The proposed language in the new legislation would let federal agencies establish “standard technical measures” that online service providers would have to accommodate or adopt with regard to copyright infringement. The draft also notably lowers “the specificity with which copyright owners must identify infringing material in certain circumstances” and suggests “replacing the notice-and-takedown system in existing law with a notice-and-staydown system for complete and near complete works.”

Tillis has invited content creators, companies, digital media platforms, and other parties who would be affected by this legislation to submit their comments to Intellectual_Property@tillis.senate.gov. Comments close on March 5, 2021. Read the full text of the drafted legislation here.

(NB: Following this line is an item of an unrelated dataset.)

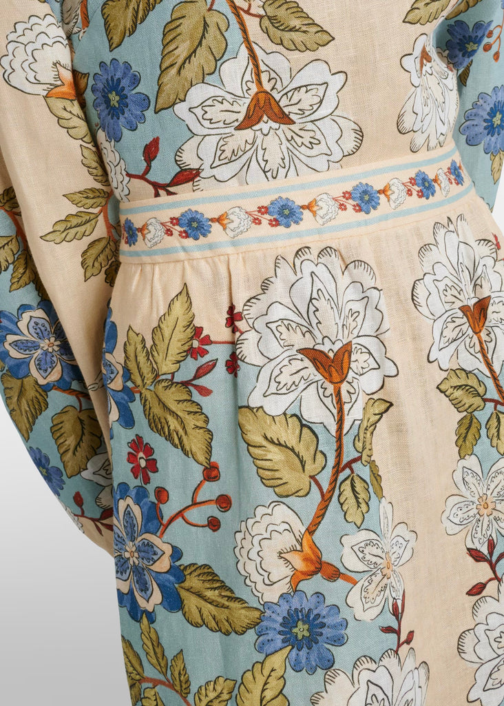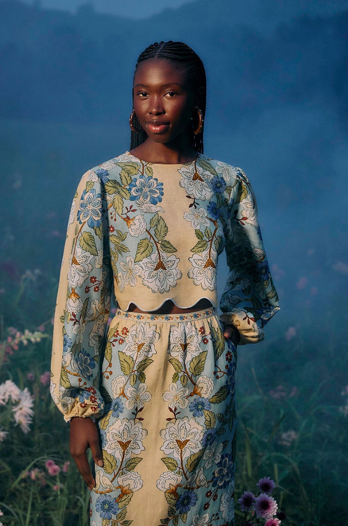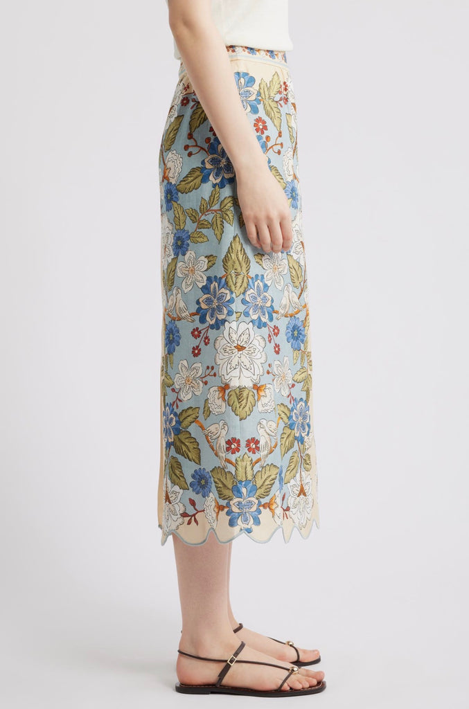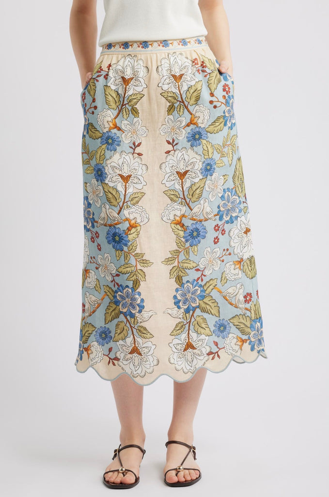 Flowers and doves bring pretty presence to a pure linen midi skirt finished with a dainty scalloped hem. Pair with the Garden Scarf Blouse for a sweet matching set.

Thom Tillis spearheaded the Protecting Lawful Streaming Act, the bipartisan legislation that targets “commercial, for-profit streaming piracy services” and would make the operation of such services a felony crime. The bill recently passed through Congress as part of the latest spending bill, which included coronavirus relief measures.

An announcement from Tillis’ office stated that the proposed legislation would not cover “normal practices by online service providers, good faith business disputes, noncommercial activities, or in any way impact individuals who access pirated streams or unwittingly stream unauthorized copies of copyrighted works,” and that individuals who might utilize pirate streaming services “will not be affected.”